*** Begin section ***
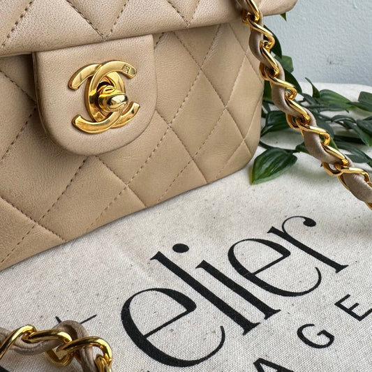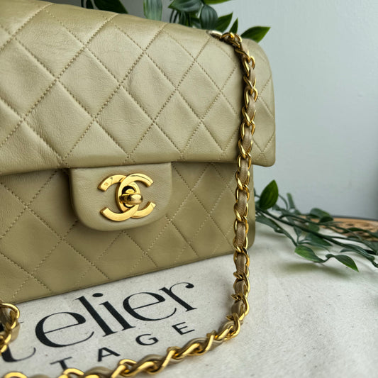 Chanel 1991 Beige Square Classic Single Flap Medium
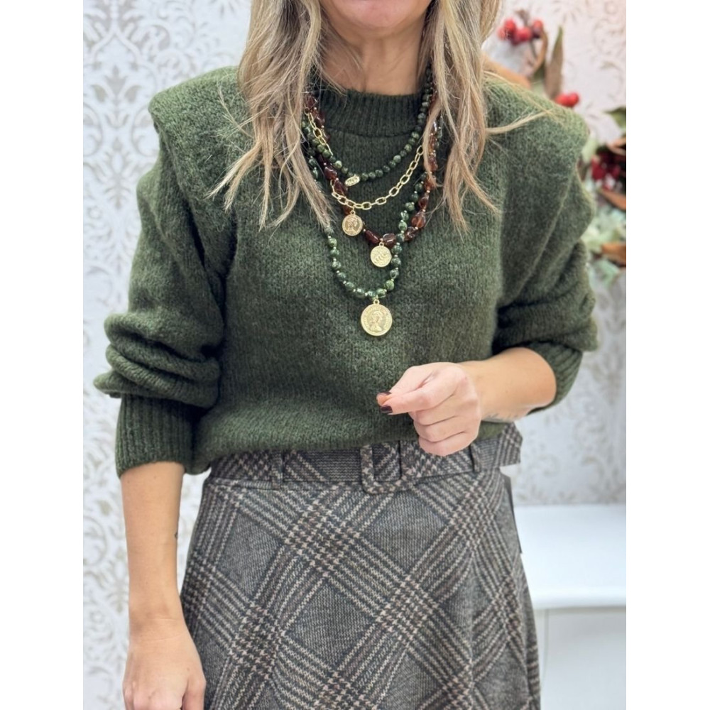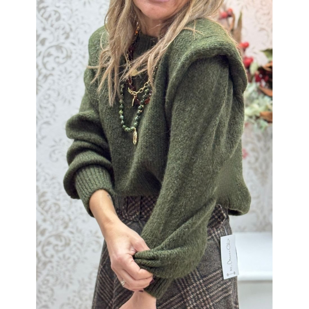 Jersey de silueta holgada. Confeccionado en tejido de punto de lana de apariencia gruesa y peluda. Presenta cuello redondo y manga a tres cuartos, destacando los hombros estructurados con hombreras marcadas.
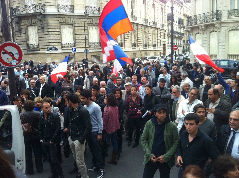 Aynı saatlerde Paris'teki Ermenistan Büyükelçiliği önünde toplanan Türkiyeli ve Azerbaycanlı protestocular, Ermenistan Cumhurbaşkanı Serj Sarkisyan'ı protesto etti.
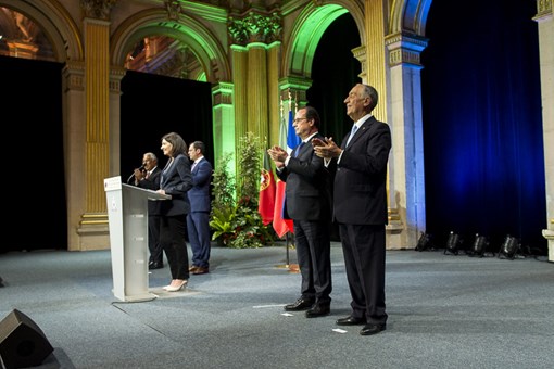No Salão de Festas da Câmara de Paris, após o Presidente da República ter cumprimentado os agraciados, os feridos e os familiares das vítimas dos ataques de 13 de novembro de 2015 em Paris, e perante a Comunidade Portuguesa deu-se início à Cerimónia Comemorativa do Dia de Portugal.
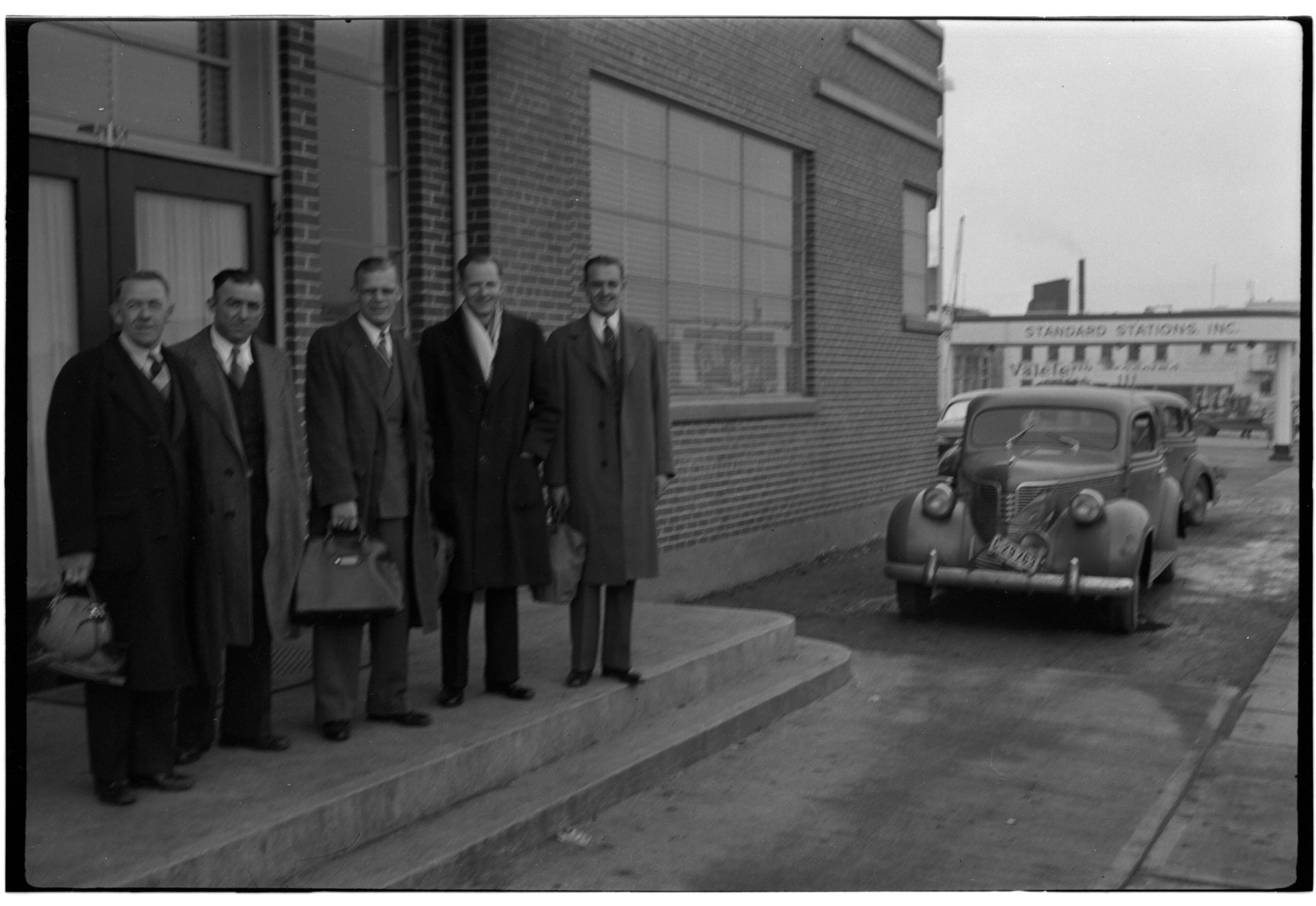 Negative, sheet film. 2 x 3 b&w. 5 unidentified men standing in front of building; unknown location.
*** End section ***
Task goal -> Could you print the data exactly as it appears and keep the pictures out?

Result ->
 Chanel 1991 Beige Square Classic Single Flap Medium
 Jersey de silueta holgada. Confeccionado en tejido de punto de lana de apariencia gruesa y peluda. Presenta cuello redondo y manga a tres cuartos, destacando los hombros estructurados con hombreras marcadas.
 Aynı saatlerde Paris'teki Ermenistan Büyükelçiliği önünde toplanan Türkiyeli ve Azerbaycanlı protestocular, Ermenistan Cumhurbaşkanı Serj Sarkisyan'ı protesto etti.
No Salão de Festas da Câmara de Paris, após o Presidente da República ter cumprimentado os agraciados, os feridos e os familiares das vítimas dos ataques de 13 de novembro de 2015 em Paris, e perante a Comunidade Portuguesa deu-se início à Cerimónia Comemorativa do Dia de Portugal.
 Negative, sheet film. 2 x 3 b&w. 5 unidentified men standing in front of building; unknown location.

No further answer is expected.